Provided data:
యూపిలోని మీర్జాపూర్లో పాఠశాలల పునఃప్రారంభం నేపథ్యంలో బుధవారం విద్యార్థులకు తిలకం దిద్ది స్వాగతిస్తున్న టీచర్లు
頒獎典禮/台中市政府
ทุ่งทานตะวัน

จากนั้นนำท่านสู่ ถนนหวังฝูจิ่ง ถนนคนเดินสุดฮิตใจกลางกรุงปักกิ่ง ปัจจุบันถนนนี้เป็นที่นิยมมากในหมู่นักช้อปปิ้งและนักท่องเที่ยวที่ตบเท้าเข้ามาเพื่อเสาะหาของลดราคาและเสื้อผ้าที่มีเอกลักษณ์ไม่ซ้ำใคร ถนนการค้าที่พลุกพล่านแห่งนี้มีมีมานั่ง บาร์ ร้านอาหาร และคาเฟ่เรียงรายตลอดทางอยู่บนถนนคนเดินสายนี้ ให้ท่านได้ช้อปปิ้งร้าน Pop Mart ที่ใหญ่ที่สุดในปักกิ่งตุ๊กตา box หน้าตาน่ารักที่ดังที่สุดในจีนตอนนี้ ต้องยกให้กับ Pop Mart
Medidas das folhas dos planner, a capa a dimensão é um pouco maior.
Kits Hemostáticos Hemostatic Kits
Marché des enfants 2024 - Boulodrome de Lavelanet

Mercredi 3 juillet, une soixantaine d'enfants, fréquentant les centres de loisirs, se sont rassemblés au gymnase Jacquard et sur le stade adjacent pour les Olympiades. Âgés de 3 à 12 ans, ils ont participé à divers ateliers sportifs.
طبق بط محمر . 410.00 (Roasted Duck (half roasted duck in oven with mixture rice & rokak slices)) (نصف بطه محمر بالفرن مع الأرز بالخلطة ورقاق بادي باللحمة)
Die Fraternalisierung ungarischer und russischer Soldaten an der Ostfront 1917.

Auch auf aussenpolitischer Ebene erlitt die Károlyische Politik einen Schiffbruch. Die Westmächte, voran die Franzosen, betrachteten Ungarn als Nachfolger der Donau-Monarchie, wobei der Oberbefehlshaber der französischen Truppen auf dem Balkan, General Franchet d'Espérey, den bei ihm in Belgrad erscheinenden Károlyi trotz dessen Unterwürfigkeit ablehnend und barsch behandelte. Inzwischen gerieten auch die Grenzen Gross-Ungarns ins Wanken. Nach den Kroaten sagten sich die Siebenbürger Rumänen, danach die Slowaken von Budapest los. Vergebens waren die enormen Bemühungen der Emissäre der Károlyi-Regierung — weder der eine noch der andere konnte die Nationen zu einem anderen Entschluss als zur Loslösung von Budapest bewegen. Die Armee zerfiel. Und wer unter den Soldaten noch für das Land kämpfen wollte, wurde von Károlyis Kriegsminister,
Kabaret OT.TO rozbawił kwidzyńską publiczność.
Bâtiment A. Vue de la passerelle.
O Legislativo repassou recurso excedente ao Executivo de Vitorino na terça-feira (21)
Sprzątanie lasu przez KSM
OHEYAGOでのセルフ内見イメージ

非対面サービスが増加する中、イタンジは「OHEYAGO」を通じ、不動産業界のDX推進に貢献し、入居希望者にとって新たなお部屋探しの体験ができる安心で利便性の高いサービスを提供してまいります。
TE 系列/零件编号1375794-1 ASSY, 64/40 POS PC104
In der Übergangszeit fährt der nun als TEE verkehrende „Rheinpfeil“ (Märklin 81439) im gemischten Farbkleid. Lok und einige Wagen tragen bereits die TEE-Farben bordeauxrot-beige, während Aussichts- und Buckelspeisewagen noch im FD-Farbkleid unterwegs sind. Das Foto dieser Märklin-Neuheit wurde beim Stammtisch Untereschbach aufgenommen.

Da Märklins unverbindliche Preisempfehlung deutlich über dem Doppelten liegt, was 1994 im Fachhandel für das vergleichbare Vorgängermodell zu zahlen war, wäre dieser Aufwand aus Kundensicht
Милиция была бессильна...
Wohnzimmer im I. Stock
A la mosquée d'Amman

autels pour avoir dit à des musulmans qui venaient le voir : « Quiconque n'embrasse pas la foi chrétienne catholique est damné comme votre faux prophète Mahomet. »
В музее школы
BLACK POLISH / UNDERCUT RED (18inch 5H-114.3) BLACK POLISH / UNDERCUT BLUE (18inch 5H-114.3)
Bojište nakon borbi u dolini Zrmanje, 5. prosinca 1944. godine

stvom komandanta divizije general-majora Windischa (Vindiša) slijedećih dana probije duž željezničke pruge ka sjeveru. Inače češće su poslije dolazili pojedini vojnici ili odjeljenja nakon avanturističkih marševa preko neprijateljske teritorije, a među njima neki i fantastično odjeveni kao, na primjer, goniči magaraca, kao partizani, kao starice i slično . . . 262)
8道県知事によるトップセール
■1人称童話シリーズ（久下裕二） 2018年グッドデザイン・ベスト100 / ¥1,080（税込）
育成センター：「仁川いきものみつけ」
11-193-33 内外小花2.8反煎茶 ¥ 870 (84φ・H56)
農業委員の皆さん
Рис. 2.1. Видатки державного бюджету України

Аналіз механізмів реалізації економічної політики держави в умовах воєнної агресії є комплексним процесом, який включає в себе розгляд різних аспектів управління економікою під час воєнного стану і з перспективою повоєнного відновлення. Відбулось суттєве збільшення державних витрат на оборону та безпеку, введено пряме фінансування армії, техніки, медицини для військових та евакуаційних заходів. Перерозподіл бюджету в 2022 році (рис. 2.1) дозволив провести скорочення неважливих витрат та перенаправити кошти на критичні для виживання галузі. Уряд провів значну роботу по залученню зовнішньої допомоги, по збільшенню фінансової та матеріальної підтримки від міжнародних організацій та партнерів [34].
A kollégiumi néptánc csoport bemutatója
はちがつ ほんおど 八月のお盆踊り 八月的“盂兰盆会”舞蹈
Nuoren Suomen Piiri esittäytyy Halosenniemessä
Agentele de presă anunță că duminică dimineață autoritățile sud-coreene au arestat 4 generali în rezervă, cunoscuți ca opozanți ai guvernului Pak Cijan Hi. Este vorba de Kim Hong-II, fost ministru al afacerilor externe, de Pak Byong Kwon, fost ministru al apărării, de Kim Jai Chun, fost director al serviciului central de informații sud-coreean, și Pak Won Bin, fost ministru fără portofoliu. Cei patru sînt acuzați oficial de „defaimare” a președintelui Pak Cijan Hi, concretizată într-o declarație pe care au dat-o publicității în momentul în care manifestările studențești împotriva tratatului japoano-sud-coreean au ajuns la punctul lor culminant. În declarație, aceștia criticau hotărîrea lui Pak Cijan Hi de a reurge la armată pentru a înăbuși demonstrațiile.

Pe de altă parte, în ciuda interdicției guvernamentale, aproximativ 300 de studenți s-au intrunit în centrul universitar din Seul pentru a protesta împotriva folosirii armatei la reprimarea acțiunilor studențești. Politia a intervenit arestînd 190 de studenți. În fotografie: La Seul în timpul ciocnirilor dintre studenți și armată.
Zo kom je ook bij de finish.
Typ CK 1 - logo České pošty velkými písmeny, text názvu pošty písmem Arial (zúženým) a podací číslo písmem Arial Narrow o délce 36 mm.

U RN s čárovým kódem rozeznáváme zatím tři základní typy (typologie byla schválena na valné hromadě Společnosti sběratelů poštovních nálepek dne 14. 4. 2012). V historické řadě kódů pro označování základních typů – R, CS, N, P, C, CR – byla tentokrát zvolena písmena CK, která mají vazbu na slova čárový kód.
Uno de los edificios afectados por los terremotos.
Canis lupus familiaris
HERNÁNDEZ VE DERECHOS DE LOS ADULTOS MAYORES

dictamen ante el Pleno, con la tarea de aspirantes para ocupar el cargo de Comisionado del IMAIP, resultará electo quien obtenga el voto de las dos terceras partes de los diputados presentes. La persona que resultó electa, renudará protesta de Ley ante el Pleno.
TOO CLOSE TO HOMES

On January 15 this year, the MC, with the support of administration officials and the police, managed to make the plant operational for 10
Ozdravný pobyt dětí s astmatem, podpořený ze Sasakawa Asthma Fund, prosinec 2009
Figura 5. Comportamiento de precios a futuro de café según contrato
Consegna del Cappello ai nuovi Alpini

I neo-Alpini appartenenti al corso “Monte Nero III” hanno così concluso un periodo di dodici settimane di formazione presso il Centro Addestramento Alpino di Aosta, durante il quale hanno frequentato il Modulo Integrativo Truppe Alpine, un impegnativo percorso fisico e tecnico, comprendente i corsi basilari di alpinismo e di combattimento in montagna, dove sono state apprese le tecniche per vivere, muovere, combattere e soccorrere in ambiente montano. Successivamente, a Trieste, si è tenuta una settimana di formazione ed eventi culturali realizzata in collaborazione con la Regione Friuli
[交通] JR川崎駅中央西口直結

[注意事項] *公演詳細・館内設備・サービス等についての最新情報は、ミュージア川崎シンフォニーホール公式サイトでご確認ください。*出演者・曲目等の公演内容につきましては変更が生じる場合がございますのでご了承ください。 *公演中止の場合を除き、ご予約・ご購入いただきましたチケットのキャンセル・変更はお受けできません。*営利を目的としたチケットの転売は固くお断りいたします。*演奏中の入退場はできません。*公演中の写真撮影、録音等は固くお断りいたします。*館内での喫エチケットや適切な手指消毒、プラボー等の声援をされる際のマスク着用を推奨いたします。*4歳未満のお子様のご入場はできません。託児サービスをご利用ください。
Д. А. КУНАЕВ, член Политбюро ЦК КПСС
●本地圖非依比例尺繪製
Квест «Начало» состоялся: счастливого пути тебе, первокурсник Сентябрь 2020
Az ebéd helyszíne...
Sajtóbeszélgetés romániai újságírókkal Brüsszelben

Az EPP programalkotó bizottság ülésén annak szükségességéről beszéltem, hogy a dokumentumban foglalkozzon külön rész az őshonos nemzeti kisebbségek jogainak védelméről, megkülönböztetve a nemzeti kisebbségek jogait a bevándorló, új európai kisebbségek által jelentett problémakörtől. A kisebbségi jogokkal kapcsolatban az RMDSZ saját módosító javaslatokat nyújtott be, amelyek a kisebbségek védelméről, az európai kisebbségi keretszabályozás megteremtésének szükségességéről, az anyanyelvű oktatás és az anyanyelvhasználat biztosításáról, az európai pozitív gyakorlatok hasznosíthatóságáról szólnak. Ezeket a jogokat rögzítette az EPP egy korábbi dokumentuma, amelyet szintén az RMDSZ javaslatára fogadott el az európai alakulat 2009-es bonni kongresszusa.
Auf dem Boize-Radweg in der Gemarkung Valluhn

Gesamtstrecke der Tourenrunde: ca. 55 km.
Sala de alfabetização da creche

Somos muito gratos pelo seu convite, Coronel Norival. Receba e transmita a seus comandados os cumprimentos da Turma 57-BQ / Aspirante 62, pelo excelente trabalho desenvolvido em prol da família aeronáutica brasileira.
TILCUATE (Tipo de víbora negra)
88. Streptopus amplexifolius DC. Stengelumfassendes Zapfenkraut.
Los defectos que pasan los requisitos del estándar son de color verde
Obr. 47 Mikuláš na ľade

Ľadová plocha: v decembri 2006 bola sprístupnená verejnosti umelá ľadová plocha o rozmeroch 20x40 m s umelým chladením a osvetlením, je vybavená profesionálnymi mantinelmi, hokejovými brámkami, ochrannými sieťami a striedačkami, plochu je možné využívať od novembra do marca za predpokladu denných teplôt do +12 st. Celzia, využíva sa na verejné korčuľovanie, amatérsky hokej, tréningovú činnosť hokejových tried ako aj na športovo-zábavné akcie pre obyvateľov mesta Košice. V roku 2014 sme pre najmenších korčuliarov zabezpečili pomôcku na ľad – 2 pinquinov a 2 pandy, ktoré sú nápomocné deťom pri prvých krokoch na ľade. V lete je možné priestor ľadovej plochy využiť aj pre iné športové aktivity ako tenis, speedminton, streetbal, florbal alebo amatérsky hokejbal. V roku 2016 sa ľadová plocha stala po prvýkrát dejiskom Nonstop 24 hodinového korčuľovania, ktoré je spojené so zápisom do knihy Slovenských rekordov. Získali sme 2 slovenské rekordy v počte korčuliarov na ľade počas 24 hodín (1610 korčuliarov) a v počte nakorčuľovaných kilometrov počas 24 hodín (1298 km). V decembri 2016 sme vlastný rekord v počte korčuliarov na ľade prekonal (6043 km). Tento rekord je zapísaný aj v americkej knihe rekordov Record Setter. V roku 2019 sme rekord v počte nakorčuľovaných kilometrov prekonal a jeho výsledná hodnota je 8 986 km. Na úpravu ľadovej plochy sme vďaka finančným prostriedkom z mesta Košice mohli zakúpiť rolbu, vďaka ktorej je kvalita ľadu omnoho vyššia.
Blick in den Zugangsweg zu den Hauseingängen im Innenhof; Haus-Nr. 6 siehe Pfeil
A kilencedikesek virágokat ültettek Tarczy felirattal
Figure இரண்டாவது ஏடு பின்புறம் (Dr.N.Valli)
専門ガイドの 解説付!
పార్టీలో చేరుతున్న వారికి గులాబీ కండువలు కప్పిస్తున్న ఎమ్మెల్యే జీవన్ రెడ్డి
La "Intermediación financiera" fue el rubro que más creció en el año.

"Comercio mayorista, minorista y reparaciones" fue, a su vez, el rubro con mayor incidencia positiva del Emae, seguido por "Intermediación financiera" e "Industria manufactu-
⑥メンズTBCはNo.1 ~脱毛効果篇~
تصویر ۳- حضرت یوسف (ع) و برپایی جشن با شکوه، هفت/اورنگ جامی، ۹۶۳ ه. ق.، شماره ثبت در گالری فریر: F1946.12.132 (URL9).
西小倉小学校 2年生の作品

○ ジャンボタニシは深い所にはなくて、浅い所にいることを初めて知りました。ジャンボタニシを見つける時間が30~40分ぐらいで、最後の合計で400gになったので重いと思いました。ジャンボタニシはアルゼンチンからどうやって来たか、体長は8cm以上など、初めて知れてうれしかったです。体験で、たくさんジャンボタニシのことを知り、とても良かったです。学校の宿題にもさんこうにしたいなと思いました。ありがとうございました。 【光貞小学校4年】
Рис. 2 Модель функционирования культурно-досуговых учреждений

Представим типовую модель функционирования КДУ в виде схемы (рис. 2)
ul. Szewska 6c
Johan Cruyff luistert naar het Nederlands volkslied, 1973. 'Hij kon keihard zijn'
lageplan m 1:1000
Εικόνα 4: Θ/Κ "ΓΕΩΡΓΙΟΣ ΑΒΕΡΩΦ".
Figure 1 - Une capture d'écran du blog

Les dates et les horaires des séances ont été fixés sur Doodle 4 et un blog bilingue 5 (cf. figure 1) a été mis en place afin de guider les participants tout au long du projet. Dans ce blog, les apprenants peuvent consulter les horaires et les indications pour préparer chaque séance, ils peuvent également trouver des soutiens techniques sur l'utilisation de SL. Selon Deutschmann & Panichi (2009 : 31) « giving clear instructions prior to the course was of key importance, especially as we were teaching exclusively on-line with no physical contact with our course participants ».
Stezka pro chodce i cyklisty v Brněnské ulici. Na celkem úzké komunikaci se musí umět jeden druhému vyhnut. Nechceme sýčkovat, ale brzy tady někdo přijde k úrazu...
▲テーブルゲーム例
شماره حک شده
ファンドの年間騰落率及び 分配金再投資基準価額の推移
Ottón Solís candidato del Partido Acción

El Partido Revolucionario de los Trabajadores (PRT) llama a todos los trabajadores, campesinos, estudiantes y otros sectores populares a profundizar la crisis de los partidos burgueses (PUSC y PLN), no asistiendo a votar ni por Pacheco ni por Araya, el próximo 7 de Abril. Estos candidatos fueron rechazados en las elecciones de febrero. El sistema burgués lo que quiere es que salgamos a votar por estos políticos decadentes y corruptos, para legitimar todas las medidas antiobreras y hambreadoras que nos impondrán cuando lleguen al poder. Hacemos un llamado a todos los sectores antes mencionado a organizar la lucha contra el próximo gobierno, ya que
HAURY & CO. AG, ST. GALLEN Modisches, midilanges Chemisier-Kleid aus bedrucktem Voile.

Problem to solve: Could you restate word for word the lines above, from the one that contains "Sala de alfabetização da creche" through the one that contains "Obr. 47 Mikuláš na ľade", and no others?

Solution below:
Sala de alfabetização da creche

Somos muito gratos pelo seu convite, Coronel Norival. Receba e transmita a seus comandados os cumprimentos da Turma 57-BQ / Aspirante 62, pelo excelente trabalho desenvolvido em prol da família aeronáutica brasileira.
TILCUATE (Tipo de víbora negra)
88. Streptopus amplexifolius DC. Stengelumfassendes Zapfenkraut.
Los defectos que pasan los requisitos del estándar son de color verde
Obr. 47 Mikuláš na ľade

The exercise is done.